In our study, we used hybrid PET/MRI scanners to evaluate the coupling relationship between glucose consumption assessed via FDG‐PET and oxygen metabolism determined by rs‐fMRI simultaneously. Importantly, the preAD group was the target group, and we compared the FDG SUVR/ReHo (ρ) and the SUVR/fALFF (ρ) in the NC, preAD, and CI groups in both the global cortex and DMN region. The main findings were as follows:

  1. We found that the correlation ρ value of the FDG SUVR/fALFF and the SUVR/ReHo based on DMN region in the preAD stage changed compared to that in the NC subjects. This change was magnified in the CI stage. This suggests that the coupling relationship between the glucose and oxygen metabolisms changes in the early pathogenesis of AD spectrum.

  2. Potentially, the FDG SUVR/ReHo (ρ) in the DMN may be a useful biomarker to differentiate NC, preAD, and CI patients.

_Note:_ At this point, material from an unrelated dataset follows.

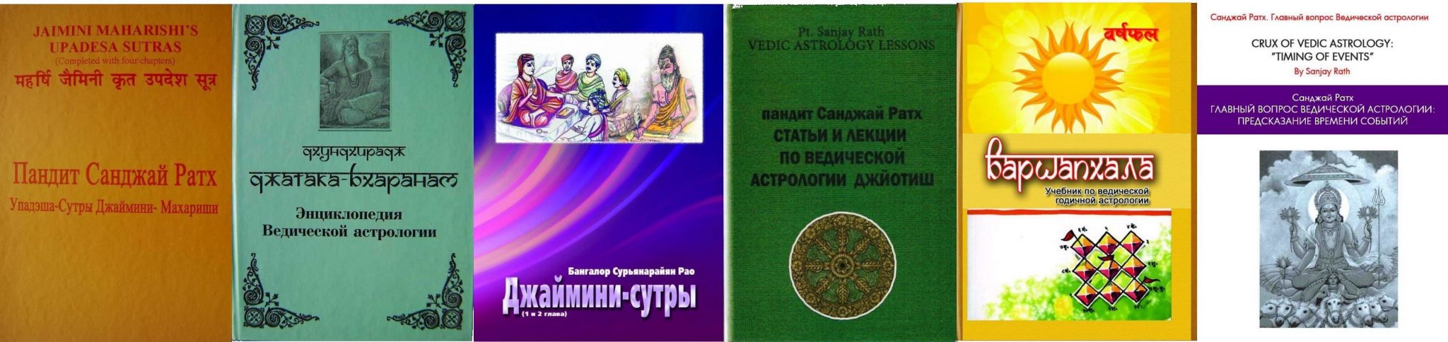 | Трактат “Упадэша-Сутры Махариши Джаймини”‘Махарши-Джаимини-Упадэша-Сутрам’ (“Упадеша-сутры Махариши Джаймини”) Дополнительные, разъясняющие сутры (афоризмы) мудреца Джаимини. Даёт объяснение знаний и техник традиционной Брихат-Парашара-Хора-Шастры. Автор: Махариши Джаймини (3 тысячелетие до н. э.) Перевод с Санскрита и комментарии: Санджай Ратх. 4 части (адхьяи) по 4 пады (всего 16 пад). ISBN 978-966-508-368-6 |

As shown in Figure 2, CI causes the SUVR/ReHo (ρ) and the SUVR/fALFF (ρ) to significantly weaken compared to those of the NC group at the entire brain level. This is consistent with published studies, proving the reliability of the experimental results and the small impact of PET/MRI scanners (Marchitelli et al., 2018). There is no significant change in preAD at the entire brain level; however, when focusing on the DMN region, preAD significantly weakens the correlation ρ value, which gradually declines during the entire disease. This phenomenon suggests that the change in this coupling relationship starts locally and finally spreads over the entire brain from the pathological level.

As shown in Figure 5, the sensitivity and specificity of the ROC analysis based on the DMN SUVR/ReHo (ρ) for preAD and CI are relatively higher compared to those of the other indicators. Although both the fALFF and ReHo have significant correlations with the FDG SUVR at the individual level, the global or DMN SUVR/ReHo (ρ) is better than the global or DMN SUVR/fALFF. This may be explained as follows: the fALFF is an indicator in the frequency domain. Some scholars believe that in the fALFF method, the grading of the power spectrum causes the power in the low‐frequency region (such as the ventricle and sagittal sinus) to be suppressed and change the spectrum distribution (Bu et al., 2019). The fALFF cannot detect subtle information to achieve the best distinction; therefore, even if it is significantly correlated with the FDG SUVR, it may be insufficient to find significant changes in preAD from the perspective of correlation. ReHo reflects the synchronization of the time series of each voxel and its adjacent voxels in the entire brain, which essentially reflects the similarity of the time series between the voxels, instead of the intensity of the activity. It can better reflect the consistency between the voxels and the surrounding voxels, and therefore, is more sensitive to the regulation of neurons and peripheral neurons. The regional regulation of glucose metabolism is consistent with ReHo by the neurovascular regulation, and therefore, the pathological changes of preAD cause abnormal changes in the neurovascular regulation in the brain, which may indirectly have a greater impact on the SUVR/ReHo (ρ) relative to SUVR/fALFF (ρ).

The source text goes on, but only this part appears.